* Exercise data *

• • • • •

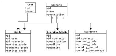 With the aim to integrate the mentioned modules to the Moodle database, one data model was created. This model and the general architecture of the TASystem allow using these modules individually. The Figure 3 presents the data model of the assistant as an UML (Unified Model Language) entity-relationship diagram. This model contains five interconnected entities: User, Scenario, Grade, Learning Activity and Evaluation.
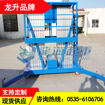 龙海起重龙升牌高空作业平台:单桅、双桅、以及可定制多桅高空作业平台,铝合金材质,轻便灵活,多导向轮机构设计,平台面积大,运转灵活,推行方便,升降平稳自如,有应急下降开关,在缺电情况下平台缓慢下降。且选用高质量液压密封件和原装成套液压泵站,质量有保障!
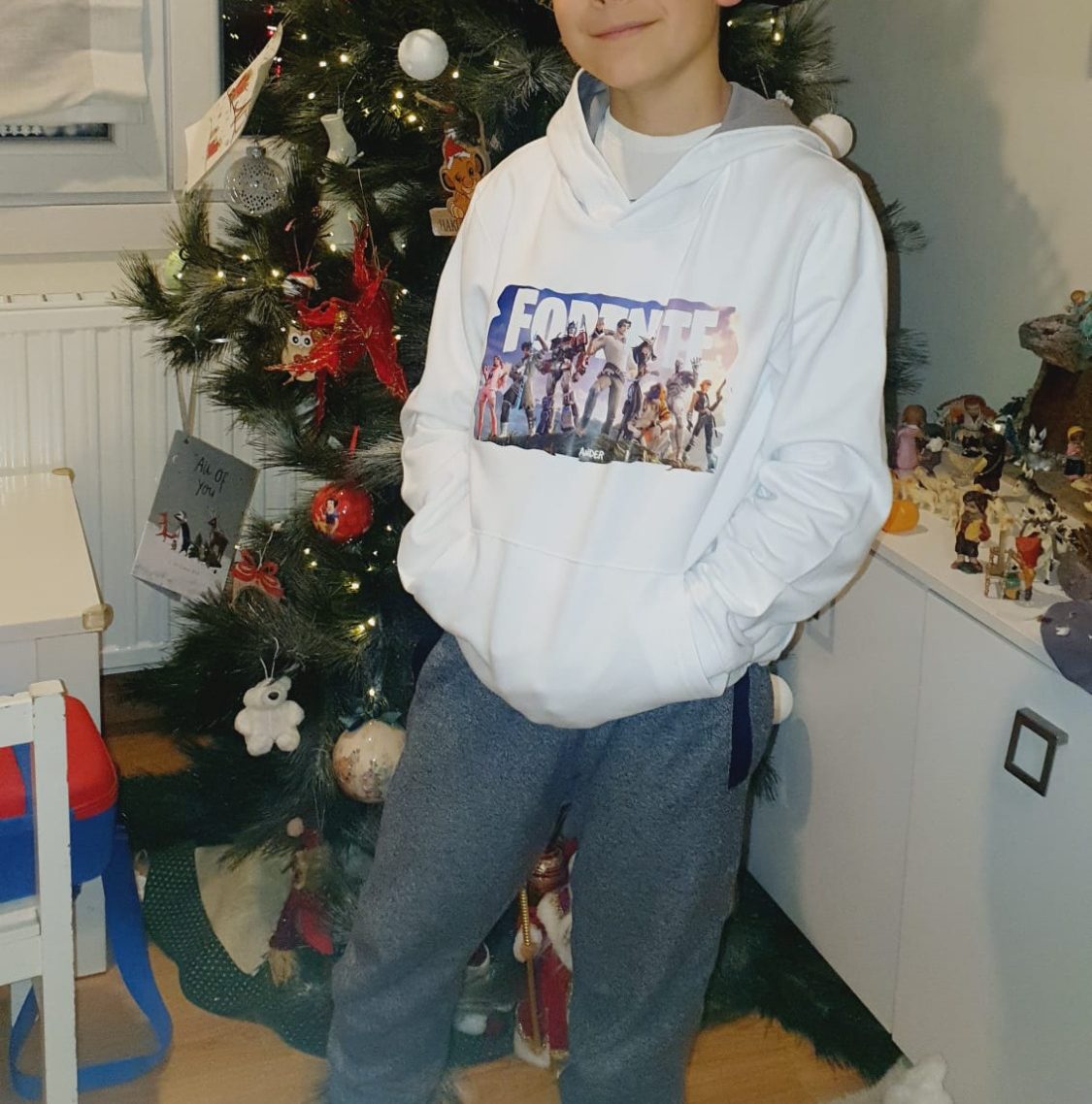 Fotografías de la SUDADERA y la taza que Ander ha pedido para el Olentzero con su personaje favorito.
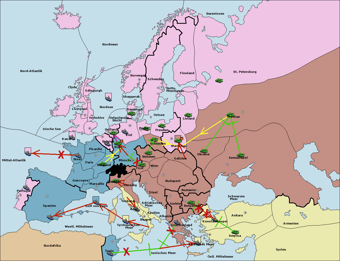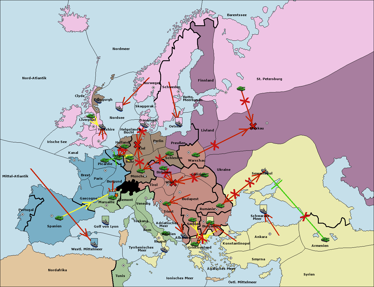 • Die Armee in Warschau support move nach Galizien von Wien.

• • • • •

* Your instructions *
Give back all the material exactly, with no pictures.

* Result of the exercise *
 With the aim to integrate the mentioned modules to the Moodle database, one data model was created. This model and the general architecture of the TASystem allow using these modules individually. The Figure 3 presents the data model of the assistant as an UML (Unified Model Language) entity-relationship diagram. This model contains five interconnected entities: User, Scenario, Grade, Learning Activity and Evaluation.
 龙海起重龙升牌高空作业平台:单桅、双桅、以及可定制多桅高空作业平台,铝合金材质,轻便灵活,多导向轮机构设计,平台面积大,运转灵活,推行方便,升降平稳自如,有应急下降开关,在缺电情况下平台缓慢下降。且选用高质量液压密封件和原装成套液压泵站,质量有保障!
 Fotografías de la SUDADERA y la taza que Ander ha pedido para el Olentzero con su personaje favorito.
 • Die Armee in Warschau support move nach Galizien von Wien.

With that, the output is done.